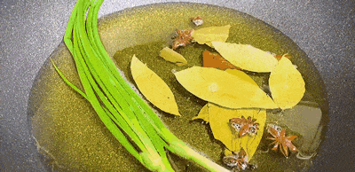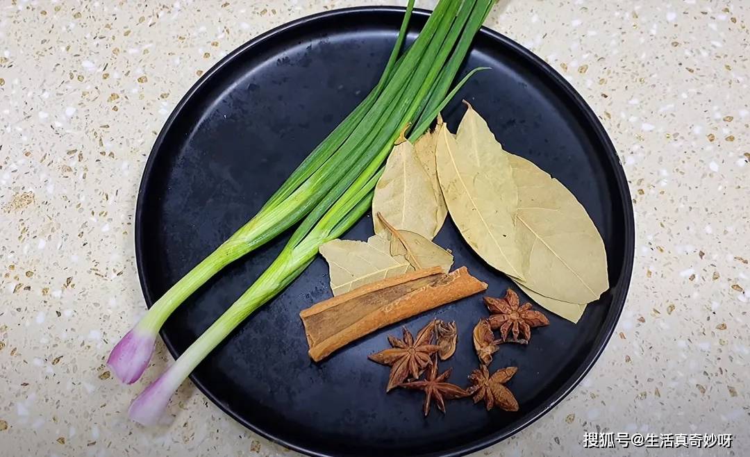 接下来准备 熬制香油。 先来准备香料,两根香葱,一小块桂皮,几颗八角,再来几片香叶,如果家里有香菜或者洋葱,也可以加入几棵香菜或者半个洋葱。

...

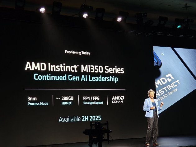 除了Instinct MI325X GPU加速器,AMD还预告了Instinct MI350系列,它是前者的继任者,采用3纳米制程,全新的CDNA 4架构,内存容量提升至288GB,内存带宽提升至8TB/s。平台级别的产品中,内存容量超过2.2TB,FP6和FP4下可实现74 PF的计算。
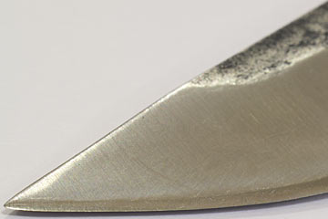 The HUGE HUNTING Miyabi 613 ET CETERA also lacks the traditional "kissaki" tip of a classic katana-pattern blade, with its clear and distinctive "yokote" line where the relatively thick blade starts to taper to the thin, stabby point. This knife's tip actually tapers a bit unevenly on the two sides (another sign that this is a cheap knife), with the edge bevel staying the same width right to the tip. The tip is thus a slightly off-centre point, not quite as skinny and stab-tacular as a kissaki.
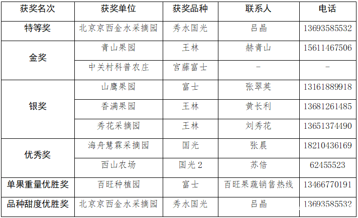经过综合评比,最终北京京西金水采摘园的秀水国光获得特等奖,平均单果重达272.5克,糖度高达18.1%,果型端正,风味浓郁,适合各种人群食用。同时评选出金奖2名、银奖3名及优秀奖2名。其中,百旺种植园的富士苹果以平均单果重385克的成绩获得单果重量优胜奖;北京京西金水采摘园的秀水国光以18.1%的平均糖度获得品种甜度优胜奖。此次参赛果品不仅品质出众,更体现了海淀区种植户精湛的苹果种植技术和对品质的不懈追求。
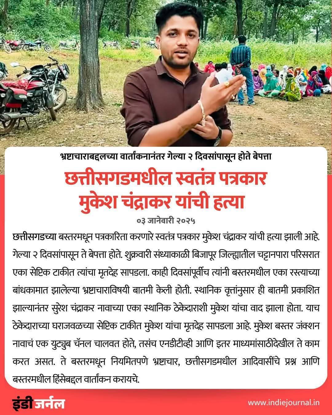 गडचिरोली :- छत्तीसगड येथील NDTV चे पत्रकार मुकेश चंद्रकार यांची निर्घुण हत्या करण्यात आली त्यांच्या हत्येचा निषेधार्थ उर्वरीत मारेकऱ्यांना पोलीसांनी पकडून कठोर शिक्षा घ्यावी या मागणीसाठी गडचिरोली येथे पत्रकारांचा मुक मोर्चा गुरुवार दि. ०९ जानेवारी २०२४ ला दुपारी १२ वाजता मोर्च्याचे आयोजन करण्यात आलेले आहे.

## Task description
Exactly the lines starting at the one above with "The HUGE HUNTING" and ending at the one with "经过综合评比,最终北京京西金" should be printed, and nothing else. Omit the pictures.

## Exercise response
 The HUGE HUNTING Miyabi 613 ET CETERA also lacks the traditional "kissaki" tip of a classic katana-pattern blade, with its clear and distinctive "yokote" line where the relatively thick blade starts to taper to the thin, stabby point. This knife's tip actually tapers a bit unevenly on the two sides (another sign that this is a cheap knife), with the edge bevel staying the same width right to the tip. The tip is thus a slightly off-centre point, not quite as skinny and stab-tacular as a kissaki.
经过综合评比,最终北京京西金水采摘园的秀水国光获得特等奖,平均单果重达272.5克,糖度高达18.1%,果型端正,风味浓郁,适合各种人群食用。同时评选出金奖2名、银奖3名及优秀奖2名。其中,百旺种植园的富士苹果以平均单果重385克的成绩获得单果重量优胜奖;北京京西金水采摘园的秀水国光以18.1%的平均糖度获得品种甜度优胜奖。此次参赛果品不仅品质出众,更体现了海淀区种植户精湛的苹果种植技术和对品质的不懈追求。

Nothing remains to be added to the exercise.